After each phase is validated and the Python equivalent is confirmed working:

  • Remove the corresponding TS source files from src/
  • Remove TS-only dependencies from package.json that are no longer needed
  • Remove TS-only dev dependencies (typescript, ts-morph, etc.) once no TS remains
  • Remove tsconfig.json and TS build scripts once fully migrated
  • Remove Bun-specific workarounds (e.g., setTimeout clamp polyfill in app.ts)
  • Remove bun.lock / node_modules once no TS remains
  • Clean up any TS test files (*.test.ts) as their modules are ported — port critical tests to pytest, drop redundant/brittle ones
  • Update AGENTS.md to reflect Python runtime (replace Bun references with Python/uv)
  • Update docs/operations/logging.md if logging format or tooling changes
  • Update all docs that reference TS-specific patterns, file paths, or commands
  • Remove dashboard/vite.config.ts build config if dashboard backend moves to FastAPI (frontend Vite config stays)
  • Audit for dead code: TS shims, backward-compat paths, unused exports that existed only for TS module boundaries
  • Remove scripts/ TS tooling scripts — replace with Python equivalents or Makefile targets
  • Final sweep: grep -r "bun " docs/ and grep -r "\.ts" docs/ to catch stale references

Risks & Mitigations

RiskMitigation
discord.py-self selfbot compatSpike in Phase 0. If it fails, evaluate selfcord or raw gateway client.
7,900-line voiceSessionManagerPort incrementally by sub-module. captureManager, turnProcessor, etc. are already factored out.
llm/voice/ circular depBreak before porting either.
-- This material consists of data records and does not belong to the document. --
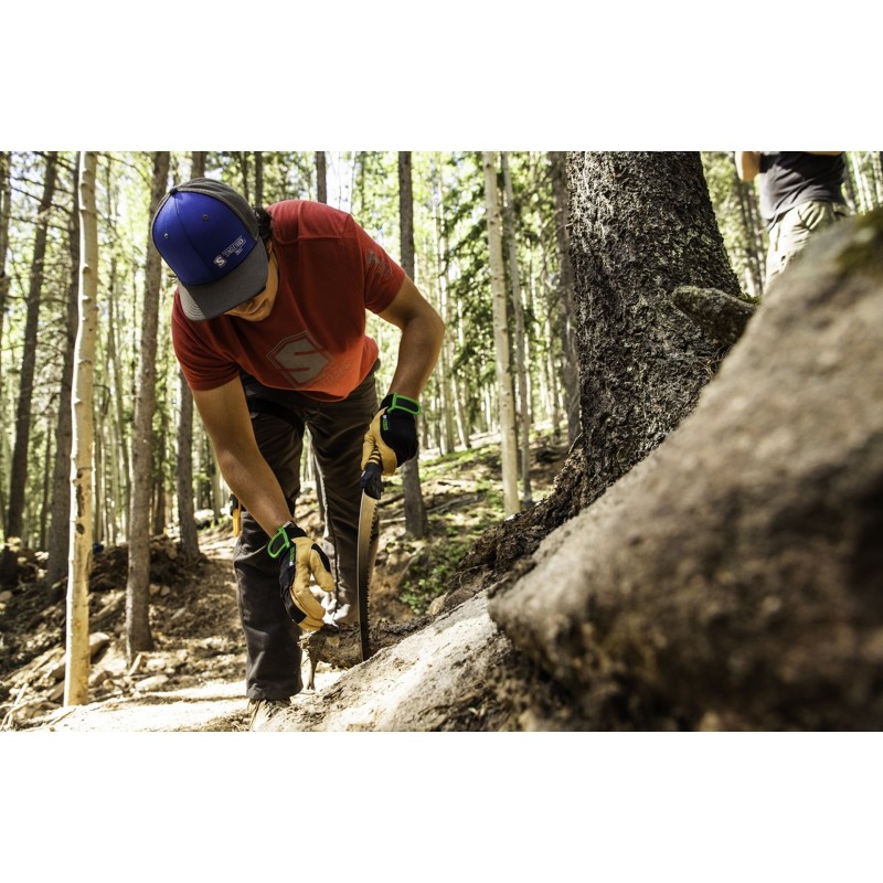 Auch größere Arbeiten wie das Fällen von Bäumen oder das Sägen dicker Stämme stellen für die Sugoi kein Problem dar. Das perfekt gebogene Sägeblatt besteht aus einer speziellen Legierung, wodurch die Säge stark, aber dennoch flexibel bleibt. Die Sugoi sägt schnell und ohne Vibrationen und hinterlässt eine glatte Schnittfläche, die optimal verheilen kann.
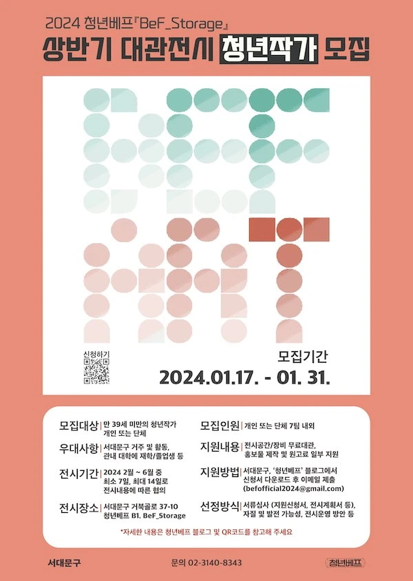 2024 청년베프 <BeF_Storage 상반기 무료 대관전시> 청년작가 모집
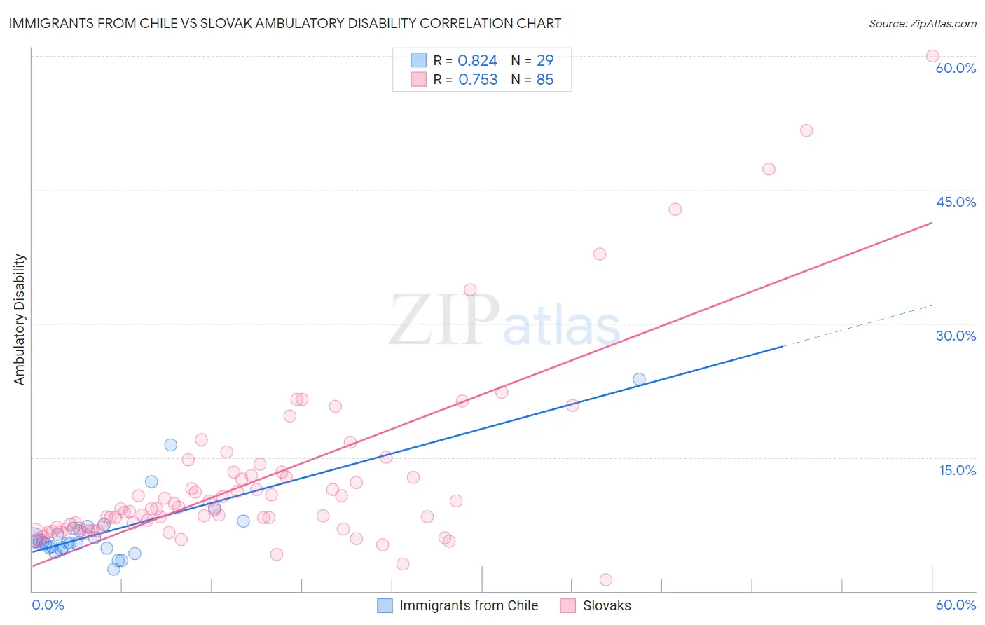 Immigrants from Chile vs Slovak Ambulatory Disability Correlation Chart
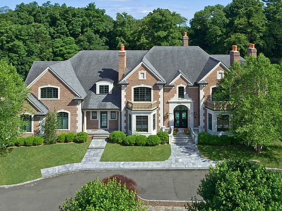 Majestic brick manor home custom built on 2.78 parklike acres backing onto Greenwich Country Club. The traditional brick exterior belies the sleek and modern interior with marble and wood flooring. Four levels of living space with high ceilings, oversized windows, custom Chesney fireplace mantels, and smart house technology with a state-of-the-art security system as well as Lutron and Crestron systems. Enter an impressive double foyer leading to a fabulous floor for both causal and formal entertaining. Two story great room with awe inspiring 1,250 gallon salt water aquarium adjacent to a stylish and functional Smallbone. Expansive veranda with fountain and outdoor fireplace. Large 57 x 20 pool surrounded by verdant lawn. Luxurious master suite, 5 additional ensuite bedrooms, custom office. Finished lower level with gym and wine cellar and theater & multi-sport / golf simulator room. In addition to the over 9,000 square feet, the house has a fully built-out basement and 4 door garage.
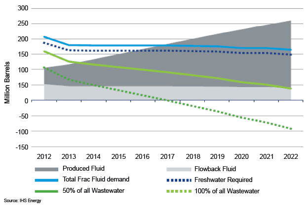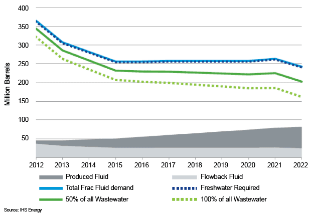 In contrast to the Eagle Ford, the required fracture fluid volume in the Permian is less than a quarter of the volume of wastewater generated in the play. Wastewater in the Permian is heavily dominated by produced water from a long established base of producing wells in conventional resources. At the macro level within the Permian, there are ample wastewater supplies available to reduce source water requirements, but the quality is very poor and much of this fluid may already be accounted for by existing secondary recovery techniques within conventional fields. This means that reducing source water requirements by a notable percentage would require significant water treatment or fracture chemical modification, posing an expense to operators.
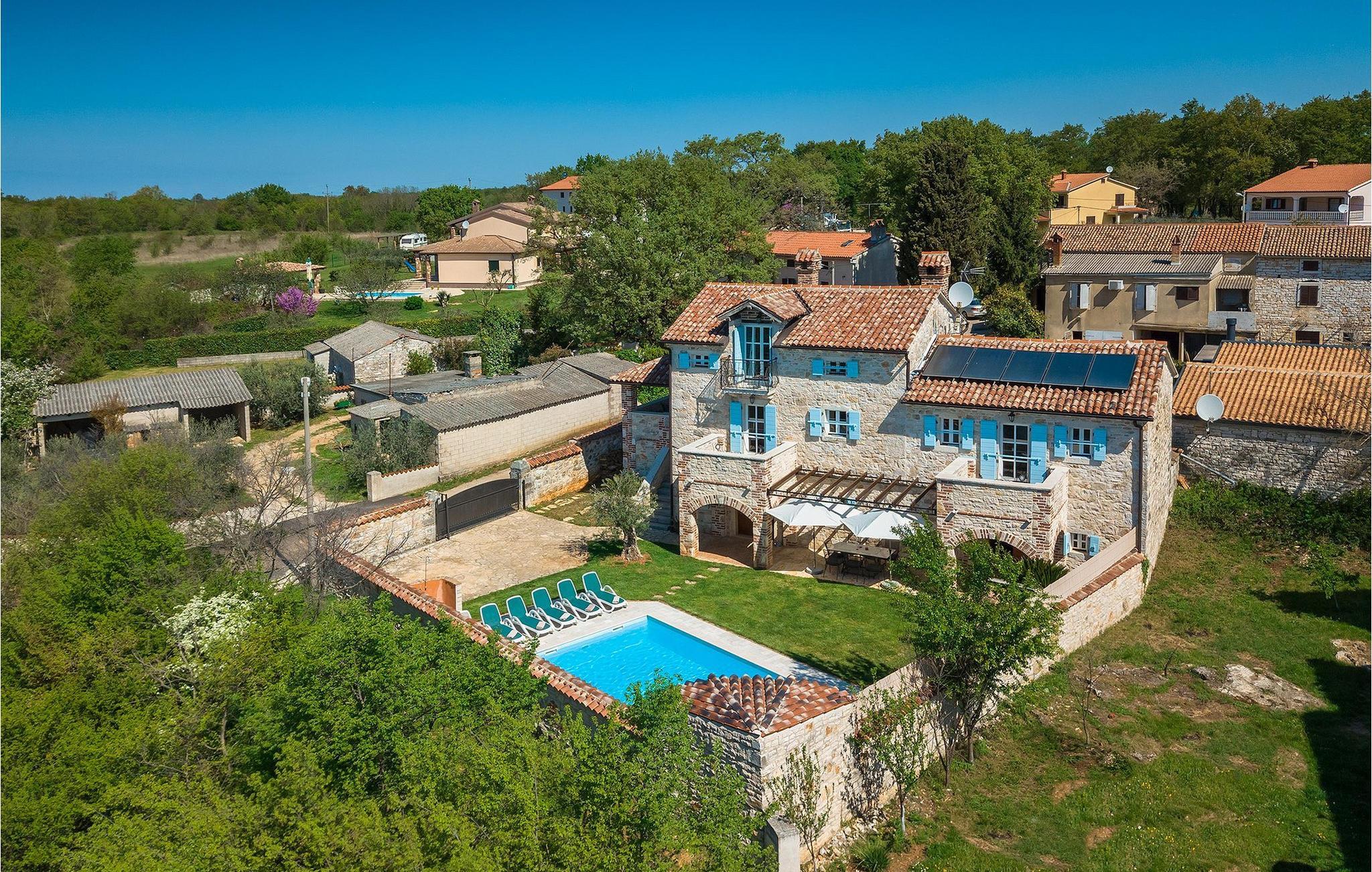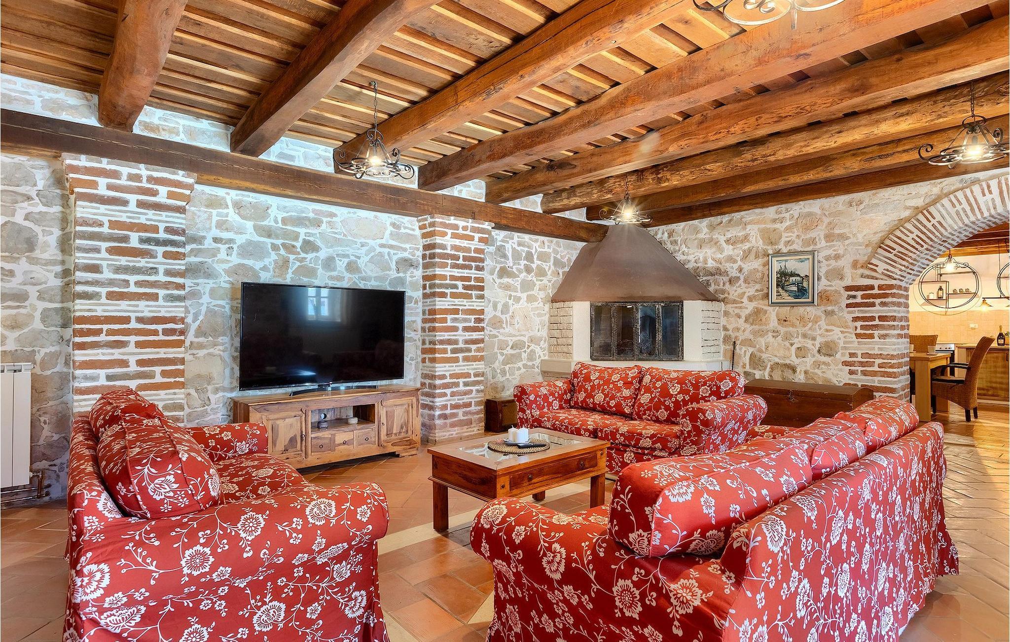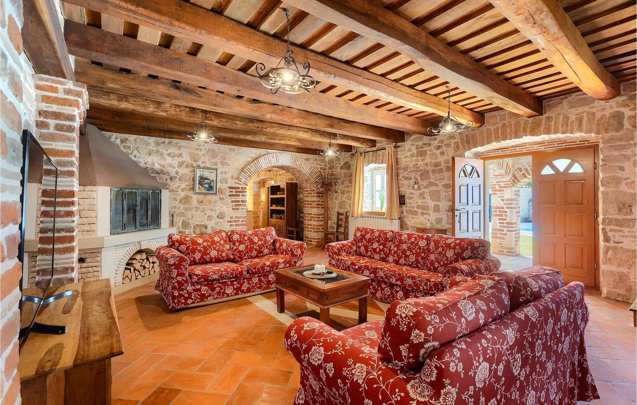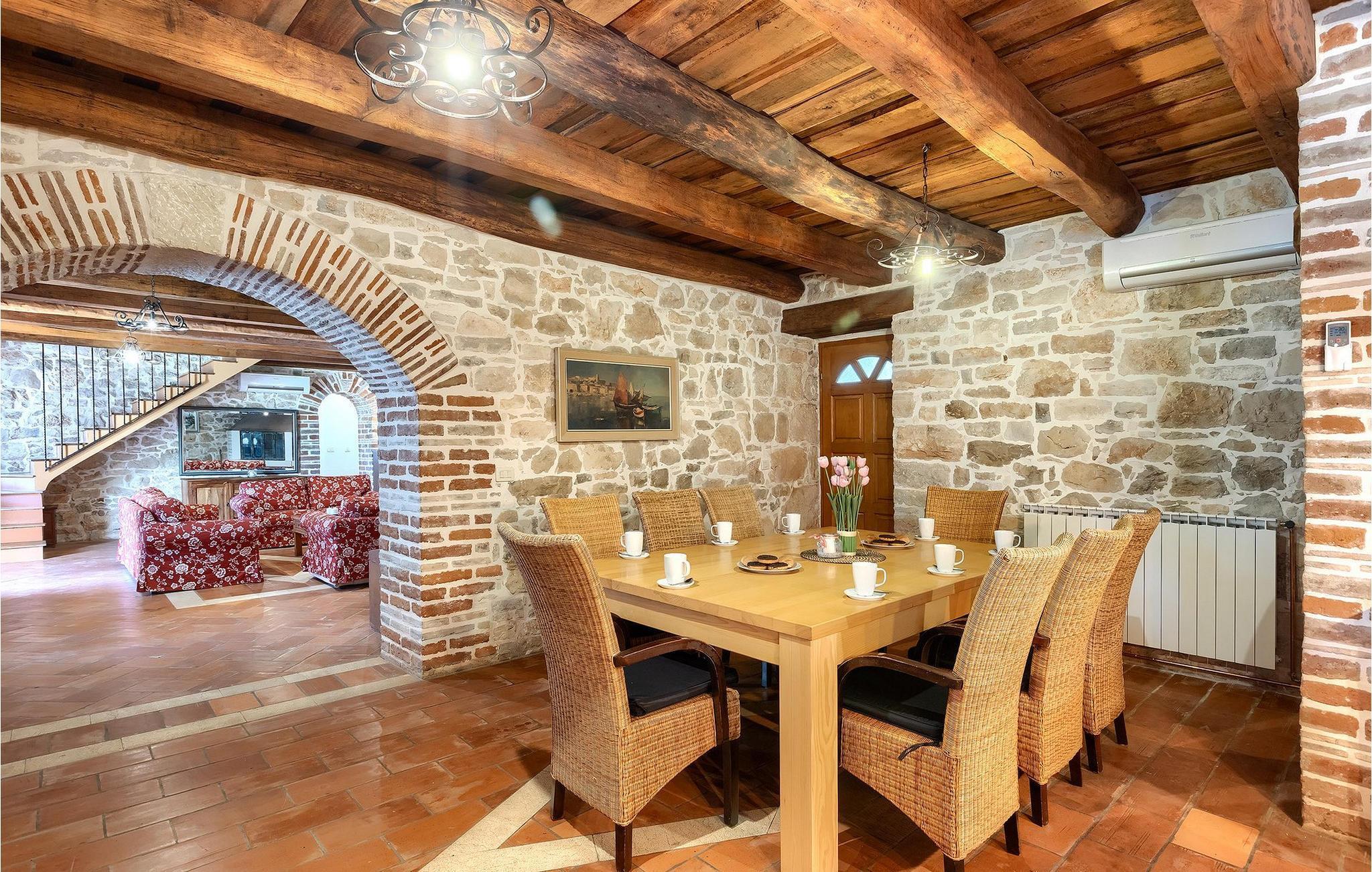 Im geräumigen Innenbereich der wunderschönen Villa Lamija findet jeder seinen Lieblingsplatz. Im Erdgeschoss der Villa befindet sich eine geräumige typisch istrische Küche, die komplett ausgestattet ist. Die Küche mit Essbereich ist mit dem gemütlichen Wohnzimmer verbunden, das Zugang zu der sonnigen Terrasse hat. Im Erdgeschoss finden Sie auch ein Schlafzimmer mit Doppelbett, privatem Bad und Zugang zur privaten Terrasse. Im ersten Stock befinden sich zwei gemütliche Schlafzimmer mit Doppelbett, jeweils privatem Bad und Terrasse. In einem dieser Schlafzimmer steht Ihnen auch eine ausziehbare Wohnlandschaft für 2 Personen zur Verfügung. Im Obergeschoss finden Sie ein geräumiges Schlafzimmer mit Doppelbett, ausziehbarer Couch, Kamin sowie privatem Bad.Villa Lamija befindet sich am Rande des kleinen Dorfes Susnjici in traumhafter Ruhelage, und doch nicht zu weit von der Autobahn. In 8km Entfernung erreichen Sie Porec mit allen Annehmlichkeiten eines attraktiven Adriaurlaubs: Traumhafte Kiesstrände, Restaurants, Cafes, Museen, Galerien und eine wunderschöne, historische Altstadt. In 10 Minuten sind Sie am Limski Fjord, wo Sie frische Muscheln genießen können, und in 20 Minuten in der Perle der Adria - Rovinj. Zum Aquapark Istralandia sind es ebenfalls nur 20 Minuten Fahrt, die sich für einen Tag voller Spass mit den Kleinen allemal lohnen.

Extract realtime WS clients to infra/realtime/.
IPC protocol driftWrite a protocol spec doc + integration tests before porting the client.
Dashboard API contractKeep same route signatures. Frontend doesn't care what backend language serves them.
Lost institutional knowledge in TS testsPort critical E2E and business-logic tests to pytest. Drop unit tests that test implementation details.

First Move

Spike discord.py-self in a throwaway script on the migration branch. If selfbot gateway connection works, the whole plan is viable.